Mots-Clés

Transcriptomics gene networks neuroscience psychiatry

Description

Chronic pain is a major risk factor for the emergence of emotional dysfunction, in particular anxiety and depressive disorders. Understanding molecular mechanisms that contribute to this relationship is therefore a public health issue. Over the last few years, our group has developed a robust mouse model in which the induction of a sustained neuropathic pain leads to anxiodepressive-like behaviours. Building on this model, we now seek to better characterize the brain-wide molecular changes that mediate these behaviours.
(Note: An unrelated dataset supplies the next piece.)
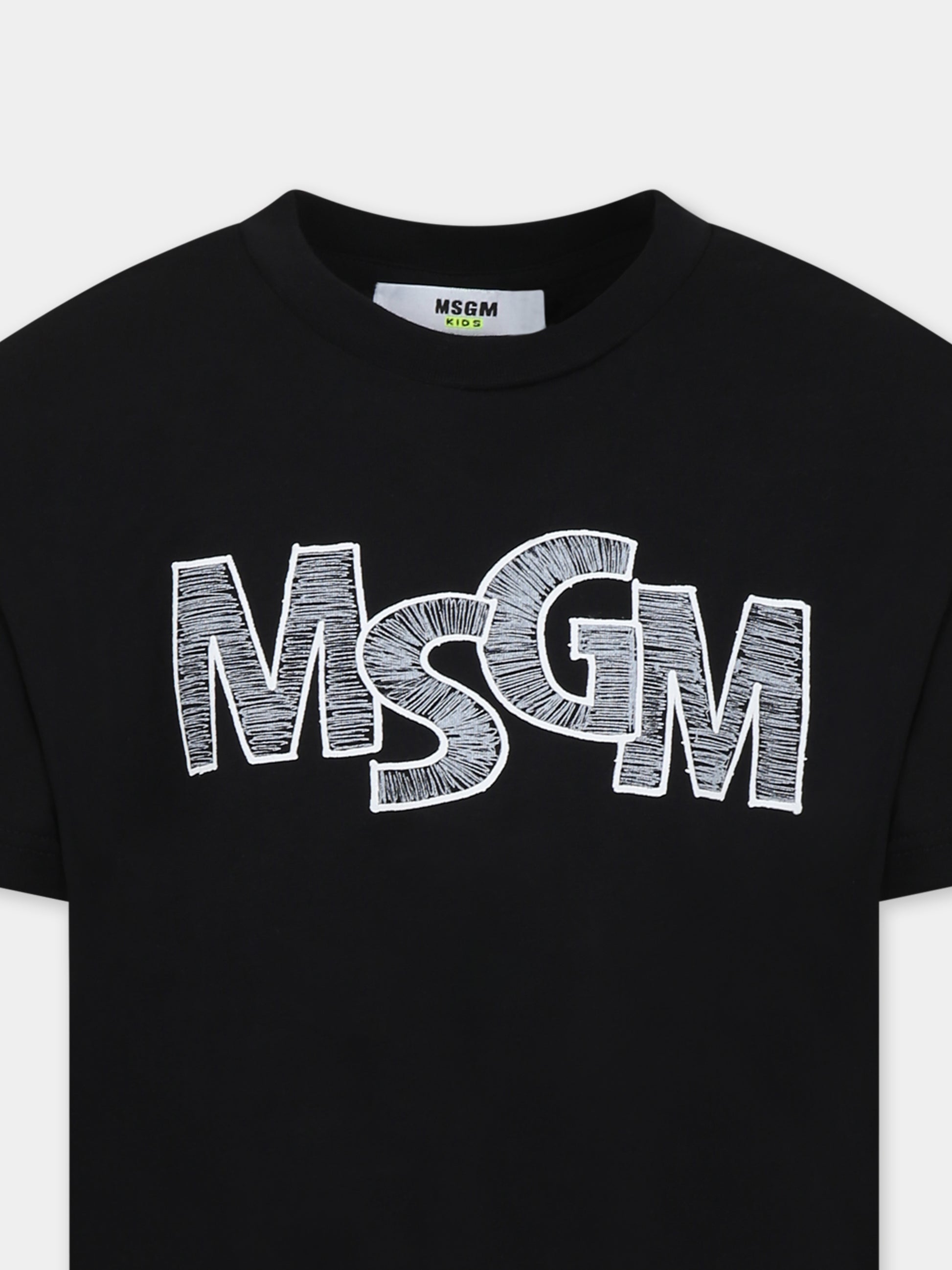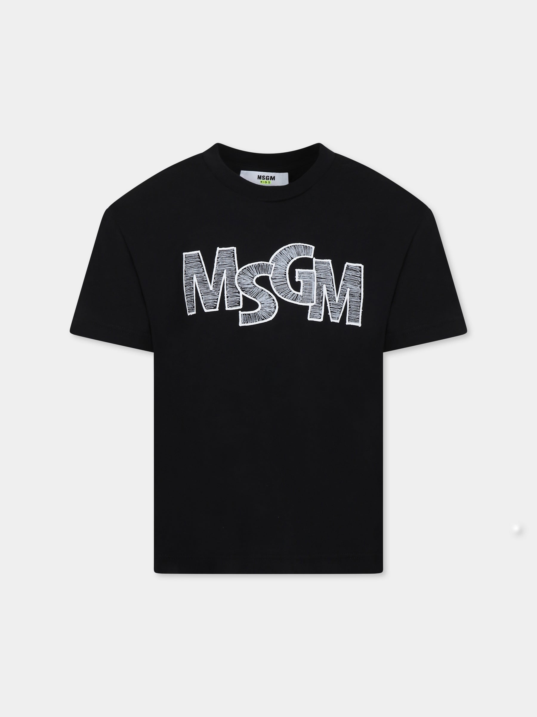 Colore: Nero Descrizione: T-shirt nera in cotone, con maniche corte e girocollo a costine. È decorata con logo MSGM stampato sulla parte anteriore. Made in Italy Dettagli: 100% Cotone. Lavare a 30°C.

To do so, we opted for a massive next-generation sequencing strategy, whereby gene expression changes that occur following the induction of chronic pain have been systematically characterized in 6 brain regions known to process nociceptive information and regulate emotions. Importantly, we characterized the kinetics of these changes by analysing 3 successive time-points (TP), defined by the presence of pain only (TP1), pain and related emotional dysfunction (TP2), or emotional dysfunction only (TP3). Data were generated using 3’ RNA-Sequencing, are immediately available, and were already pre-processed by our group (QC, alignment, counting).

The goal of the internship will to be acquire hands-on experience with bioinformatic approaches and tools necessary to integrate large gene expression datasets. This will notably include a variety of strategies to: i) conduct threshold-free Gene Ontology analyses (GSEA), ii) compare genome-wide changes in expression within (differential expression, DESeq2) or across brain regions or time-points (e.g. Rank-Rank Hypergeometric Overlay, RRHO2), as well as iii) construct gene networks and characterize their disorganization by chronic pain (MEGENA, WGCNA).

Overall, the internship is expected to provide deeper understanding of the molecular mechanisms that differentially contribute to pain and its emotional consequences.